[Start of section]

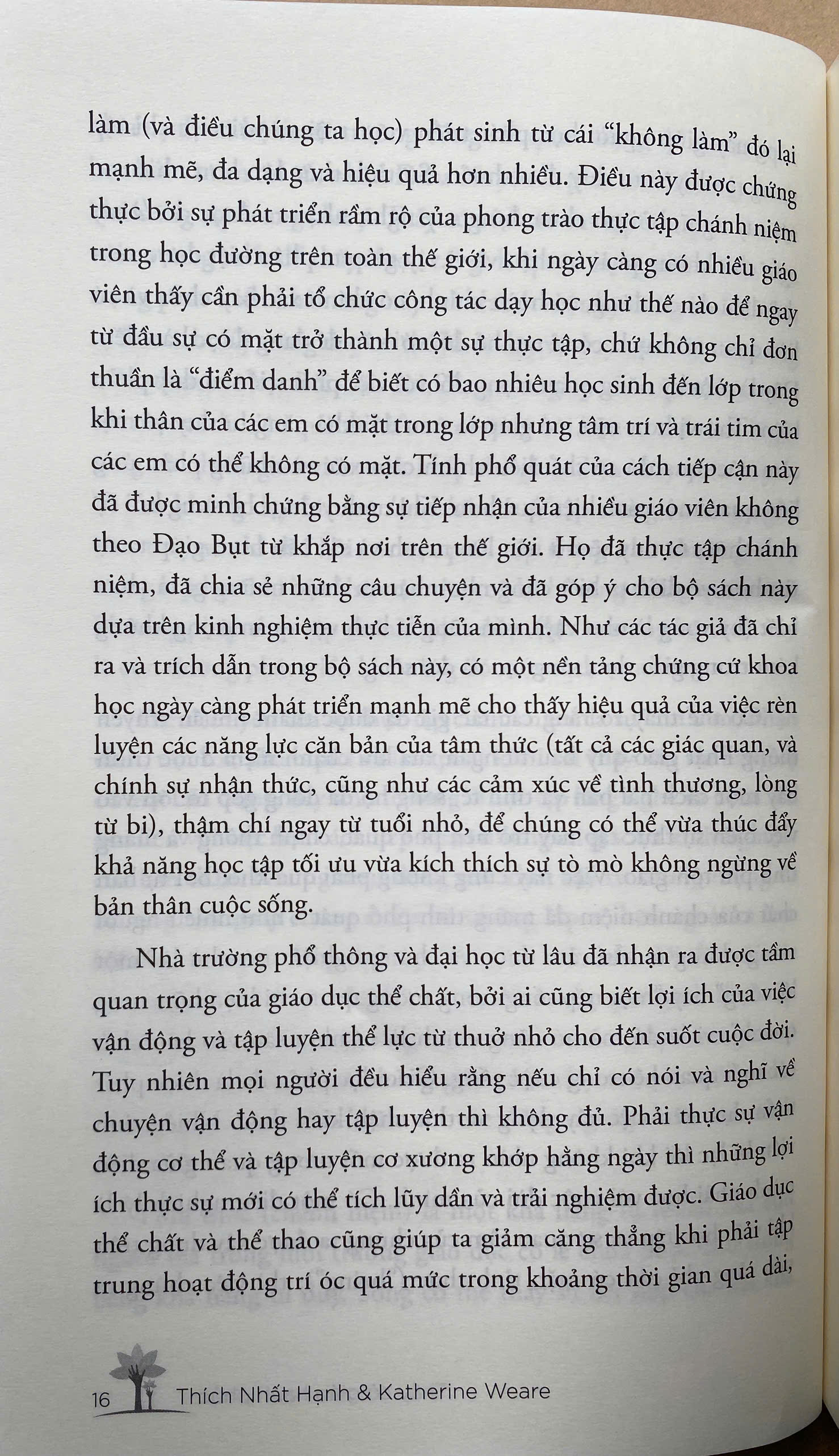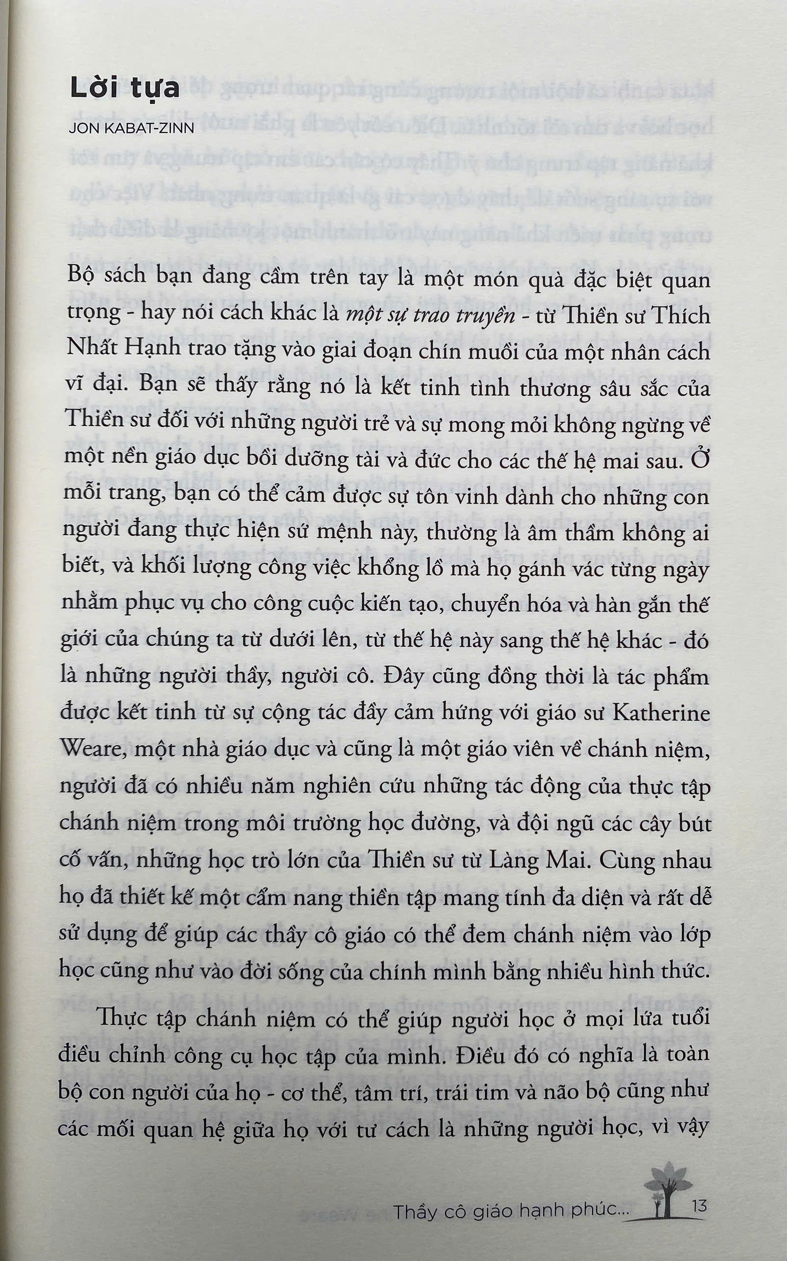 “Thầy cô giáo hạnh phúc sẽ thay đổi thế giới” - bộ sách bạn đang cầm trên tay là một món quà đặc biệt quan trọng - hay nói cách khác là một sự trao truyền - từ Thiền sư Thích Nhất Hạnh trao tặng vào giai đoạn chín muồi của một nhân cách vĩ đại. Bạn sẽ thấy rằng nó là kết tinh tình thương sâu sắc của Thiền sư đối với những người trẻ và sự mong mỏi không ngừng về một nền giáo dục bồi dưỡng tài và đức cho các thế hệ mai sau. Ở mỗi trang, bạn có thể cảm được sự tôn vinh dành cho những con người đang thực hiện sứ mệnh này, thường là âm thầm không ai biết, và khối lượng công việc khổng lồ mà họ gánh vác từng ngày nhằm phục vụ cho công cuộc kiến tạo, chuyển hóa và hàn gắn thế giới của chúng ta từ dưới lên, từ thế hệ này sang thế hệ khác - đó là những người thầy, người cô. Đây cũng đồng thời là tác phẩm được kết tinh từ sự cộng tác đầy cảm hứng với giáo sư Katherine Weare, một nhà giáo dục và cũng là một giáo viên về chánh niệm, người đã có nhiều năm nghiên cứu những tác động của thực tập chánh niệm trong môi trường học đường, và đội ngũ các cây bút cố vấn, những học trò lớn của Thiền sư từ Làng Mai. Cùng nhau họ đã thiết kế một cẩm nang thiền tập mang tính đa diện và rất dễ sử dụng để giúp các thầy cô giáo có thể đem chánh niệm vào lớp học cũng như vào đời sống của chính mình bằng nhiều hình thức. Bộ sách gồm 2 cuốn: Tập 1 “Cẩm nang hạnh phúc”, tập 2 “Đi như một dòng sông” Trong cuốn “Cẩm nang hạnh phúc” thầy Thích Nhất Hạnh và tác giả Katherine Weare sẽ chia sẻ chi tiết về chánh niệm và tỉnh thức. Bởi thế giới đang thay đổi quá nhanh đến nỗi chúng ta không thực sự biết được nền tảng tri thức và kỹ năng nào sẽ là quan trọng nhất mà các thế hệ kế cận cần phải trau dồi. Nhưng điều mà chúng ta có thể biết chắc là muốn sáng tạo, yêu nghề, thích nghi với thời đại kỹ thuật số và học hỏi suốt đời thì người trẻ ở lứa tuổi nào cũng cần phải phát triển kỹ năng sống với giây phút hiện tại. Điều này bao gồm kỹ năng làm bạn với chính mình, tin tưởng những trải nghiệm trong nội tâm và học cách làm chủ môi trường bên trong, gồm thân và tâm của mình, cũng như biết cách thích nghi với môi trường học tập bên ngoài khi tương tác với những người khác. Đánh thức khả năng sáng tạo và trí tưởng tượng của bản thân trong suốt cuộc đời theo cách thức này là một yếu tố quan trọng dẫn tới thành công và hạnh phúc như tiêu đề của  bộ sách. Một trong những nguyên tắc chính ở đây là các thầy cô giáo cần thực tập chánh niệm trong đời sống của chính mình trước khi có thể đưa nó vào lớp học một cách hiệu quả. Nếu bạn làm nghề giáo và mới biết đến phương pháp chánh niệm, bộ sách này sẽ hướng dẫn hết sức chi tiết cách bạn thực tập cho chính mình, cũng như cách bạn có thể đưa nó vào lớp học theo cách riêng của mình để giúp học sinh phát triển lành mạnh về thể chất và tinh thần, biết cách chăm sóc cảm xúc và có niềm vui trong khi học. Cần lưu ý rằng không có một phương pháp nào là phù hợp cho mọi hoàn cảnh. Cái hay của cách nhìn này là cho bạn một loạt các lựa chọn để thử nghiệm và trên hết là nhắc bạn nhớ rằng chính sự sáng tạo của riêng bạn, được nuôi dưỡng bởi sự thực tập chánh niệm, sẽ mang đến muôn vàn những cơ hội mới và đầy thú vị. Nói một cách thực tế thì học trò của bạn sẽ là người giúp khơi mở nguồn tuệ giác đó trong bạn. Các em chính là những người thầy chánh niệm vĩ đại nhất của bạn. Điểm hay của phương thức tiếp cận này là nó có thể bắt nguồn từ tình yêu nghề và tấm lòng mong mỏi học trò tiến bộ, được ấp ủ và truyền đạt bởi chính trực giác và kinh nghiệm thực tiễn của bạn; tất cả những điều này đều dựa vào công phu thực tập trong từng thời khắc của bạn. Theo như tôi nghiệm thấy, những băn khoăn, học hỏi, quán chiếu cứ lớn lên không ngừng trên mảnh đất nuôi dưỡng ấy.
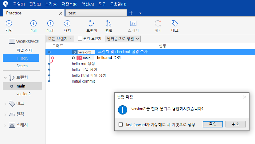 sourceTree를 사용해서 병합하는 방법은, 먼저 헤드 브랜치를 main 으로 checkout합니다. 이후 version2 우클릭 -> 병합을 누르시면 다음과 같은 창이 나옵니다.
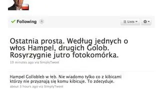Adam Hoffman też się mocno zaangażował w komentowanie żużla. „Hampel od 4 do 8 długości motocykla przed Golobem” – to około 16. Godzinę później: „Hampel Gollob łeb w łeb. Nie wiadomo tylko co z kibicami którzy nie przyznają się komu kibicuje. To zdecyduje.”, a tuż przed 19.: „Ostatnia prosta. Według jednych o włos Hampel, drugich Golob. Rozstrzygnie jutro fotokomórka.”
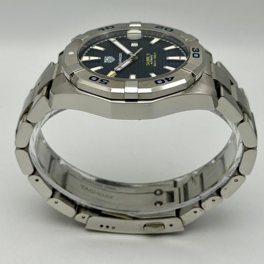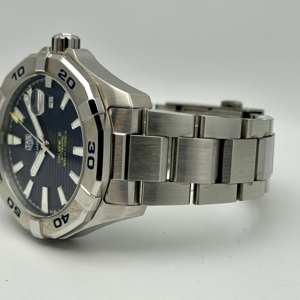Founded in 1860 in Saint-Imier, Switzerland, TAG Heuer has built a strong reputation for precision timekeeping, durability, and sporty design. The Aquaracer collection embodies the brand’s commitment to professional dive watches, offering robust construction and versatile everyday performance.The TAG Heuer Aquaracer, reference WAY2012.BA0927, features a 43 mm stainless steel case with a striking sunray blue dial, accented by luminous hands and indexes for excellent readability in all conditions. Powered by the TAG Heuer Calibre 5 automatic movement (based on the Sellita SW200-1, with a 38-hour power reserve and a frequency of 28,800 vph), it offers hours, minutes, central seconds, and a date display positioned at 3 o’clock.
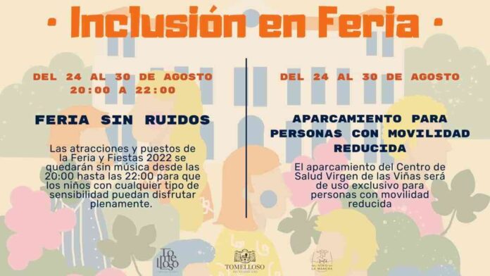 Con las acciones inclusivas dentro de la Feria de Tomelloso (Ciudad Rreal) de las atracciones y puestos del ferial, los niños con sensibilidad auditiva podrán disfrutar de ellas. Las personas con movilidad reducida tendrán una zona exclusiva de aparcamiento para vehículos.
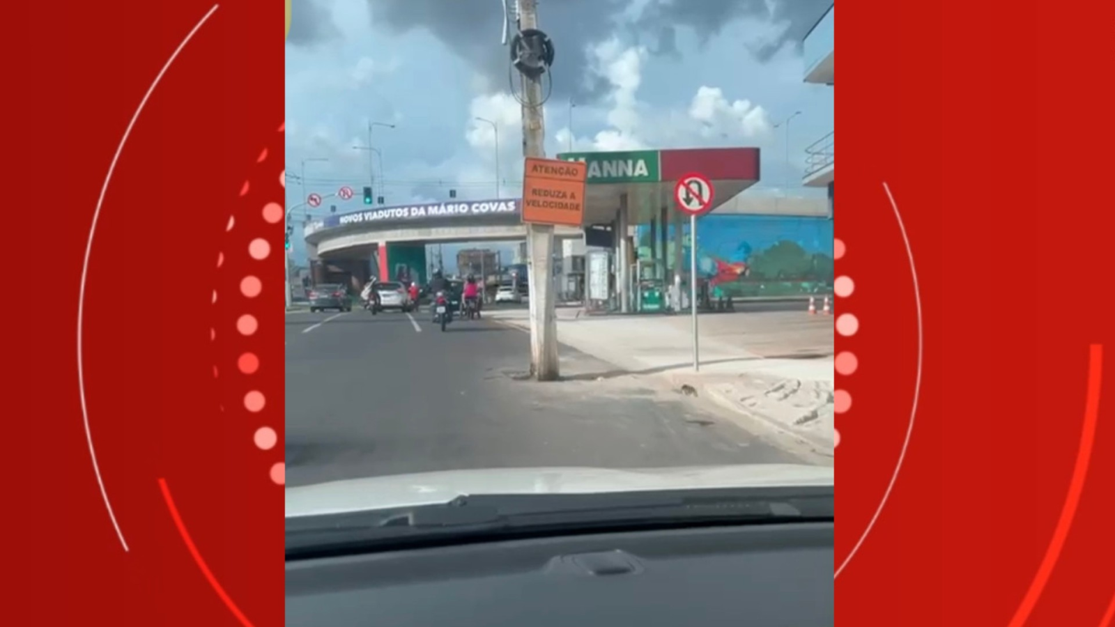 Um vídeo feito por um motorista mostra um poste no asfalto da avenida Mário Covas, no trecho que passou por obras para receber o elevado que conecta a via com a av. Três Corações.
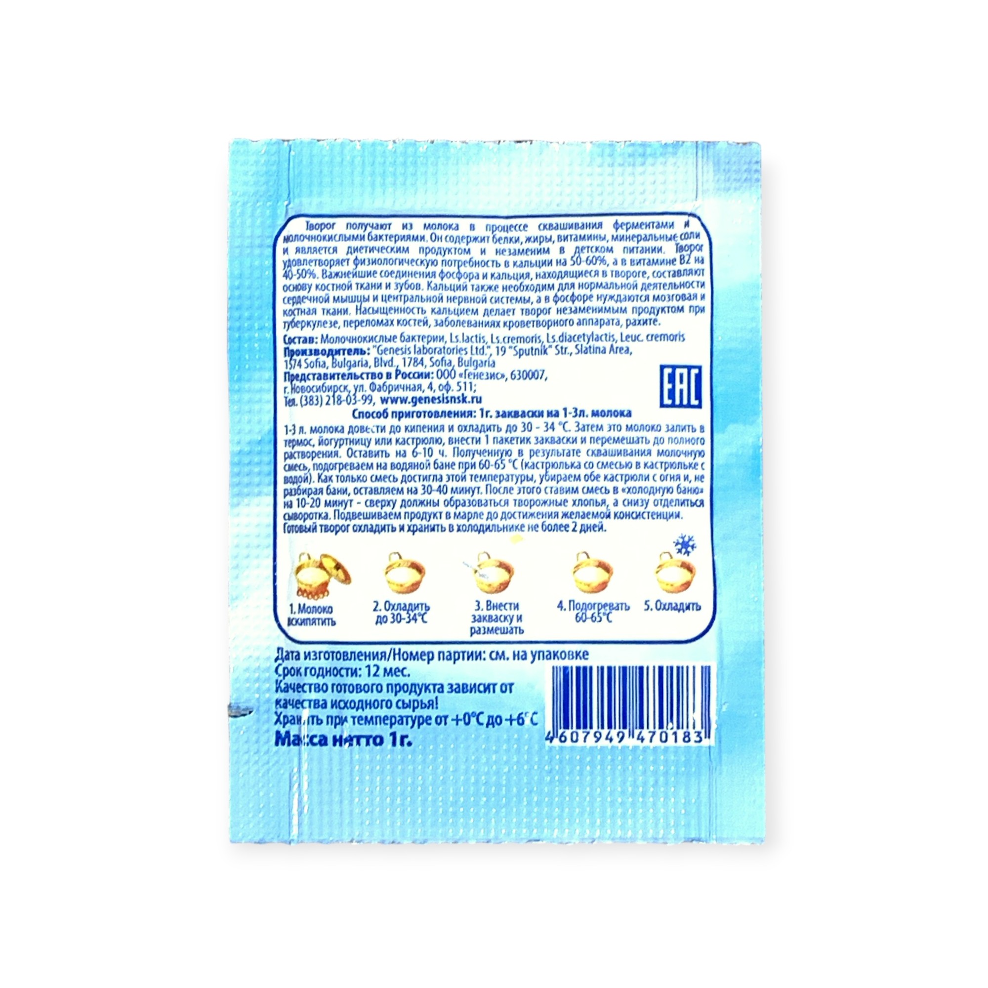 Закваска Творожок Genesis, 1 пакет от 100 руб. с доставкой. Пункт выдачи в Мелеузе. Интернет магазин по сыроделию. Всё всегда в наличии.
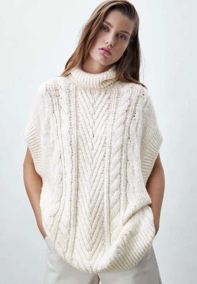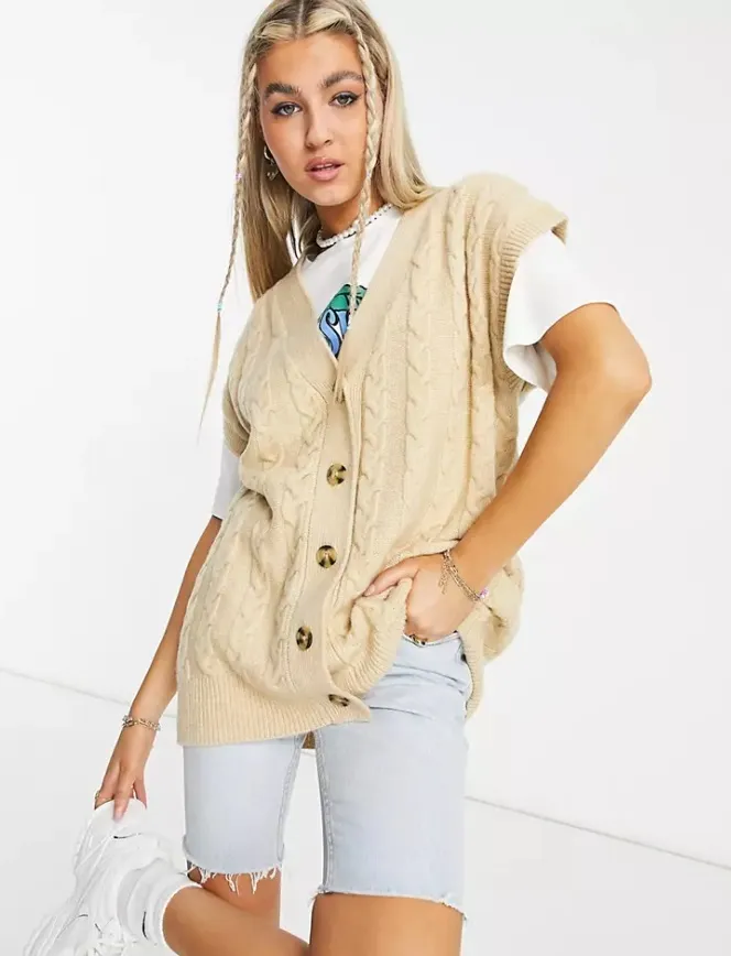 Жилет фактурной вязки поможет структурировать образ в стиле оверсайз. Если нужно расставить дополнительные акценты, добавь массивное ожерелье и фактурную сумку.
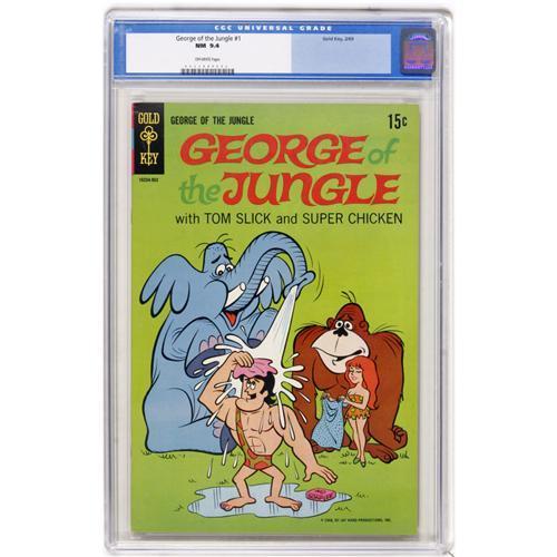 <B>George of the Jungle #1 (Gold Key, 1969) CGC NM 9.4 Off-white pages.</B></I> Overstreet 2006 NM- 9.2 value = $215. CGC census 2/07: 6 in 9.4, none higher.<BR><BR><b>Shipping:</b> Comics - Slabbed (certified) (<a target="_blank" href="http://www.heritageauctions.com/common/shipping.php">view shipping information</a>)
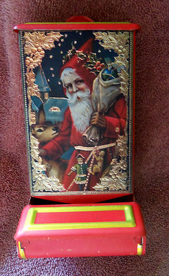 Vintage Christmas Tin Metal Hanging Match Wall Holder Safe
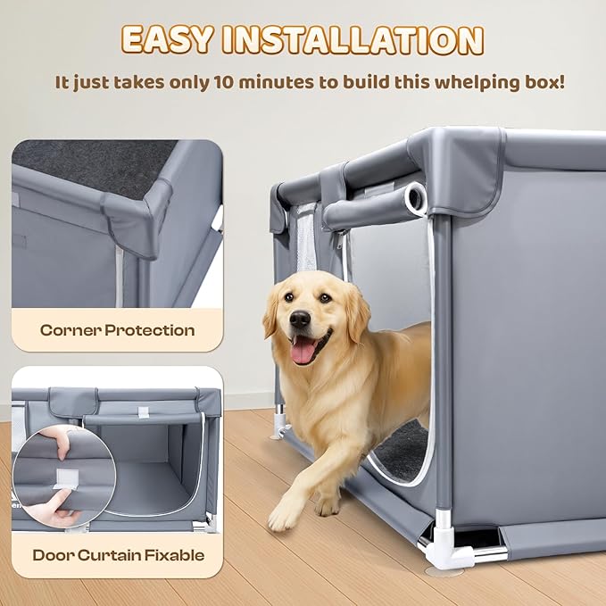 - 【Spacious and Secure Design】The Pawtenda Dog Whelping Box provides ample space with its 47 x 47 x 24 inch dimensions, making it perfect for expectant dog mothers and their newborn puppies. The 24 inch height effectively prevents dog moms from jumping out, ensuring a safe and secure environment.

[End of section]

How to complete this task —
Without the pictures, repeat the line with "Закваска Творожок Genesis, 1" and every line after it to the end of the listing, and nothing else.

Response area —
 Закваска Творожок Genesis, 1 пакет от 100 руб. с доставкой. Пункт выдачи в Мелеузе. Интернет магазин по сыроделию. Всё всегда в наличии.
 Жилет фактурной вязки поможет структурировать образ в стиле оверсайз. Если нужно расставить дополнительные акценты, добавь массивное ожерелье и фактурную сумку.
 <B>George of the Jungle #1 (Gold Key, 1969) CGC NM 9.4 Off-white pages.</B></I> Overstreet 2006 NM- 9.2 value = $215. CGC census 2/07: 6 in 9.4, none higher.<BR><BR><b>Shipping:</b> Comics - Slabbed (certified) (<a target="_blank" href="http://www.heritageauctions.com/common/shipping.php">view shipping information</a>)
 Vintage Christmas Tin Metal Hanging Match Wall Holder Safe
 - 【Spacious and Secure Design】The Pawtenda Dog Whelping Box provides ample space with its 47 x 47 x 24 inch dimensions, making it perfect for expectant dog mothers and their newborn puppies. The 24 inch height effectively prevents dog moms from jumping out, ensuring a safe and secure environment.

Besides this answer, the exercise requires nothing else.